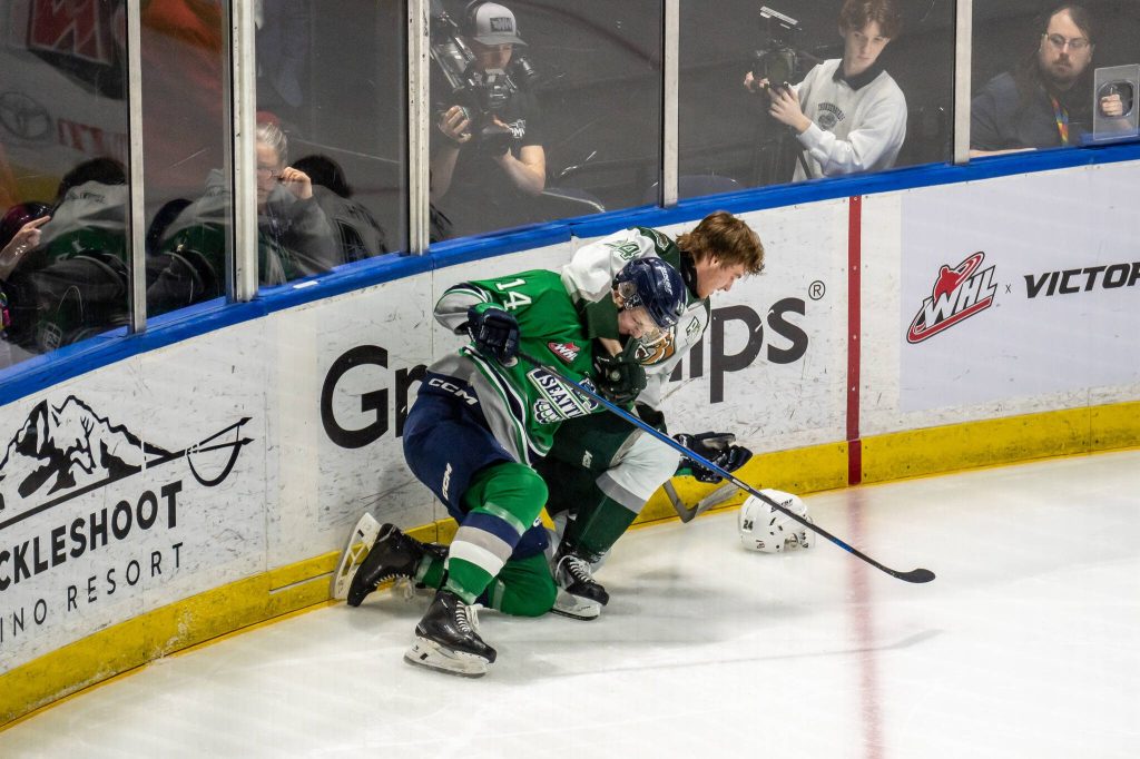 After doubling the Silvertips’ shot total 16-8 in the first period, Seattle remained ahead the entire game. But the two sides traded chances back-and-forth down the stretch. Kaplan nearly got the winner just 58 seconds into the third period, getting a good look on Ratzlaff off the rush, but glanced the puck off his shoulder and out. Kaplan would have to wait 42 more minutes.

--- --- ---

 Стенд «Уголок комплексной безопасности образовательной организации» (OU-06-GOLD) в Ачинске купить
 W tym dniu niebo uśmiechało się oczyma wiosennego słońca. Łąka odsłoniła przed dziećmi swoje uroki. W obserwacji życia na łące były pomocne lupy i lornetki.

--- --- ---

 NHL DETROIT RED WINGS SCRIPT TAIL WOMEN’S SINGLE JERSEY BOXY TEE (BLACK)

--- --- ---

▶ [Problem to work on]: Will you return exactly the lines above from the one with "в Ачинске купить" down to the one with "W tym dniu niebo", counting both as part of the range?

▶ [Task solution]:
 Стенд «Уголок комплексной безопасности образовательной организации» (OU-06-GOLD) в Ачинске купить
 W tym dniu niebo uśmiechało się oczyma wiosennego słońca. Łąka odsłoniła przed dziećmi swoje uroki. W obserwacji życia na łące były pomocne lupy i lornetki.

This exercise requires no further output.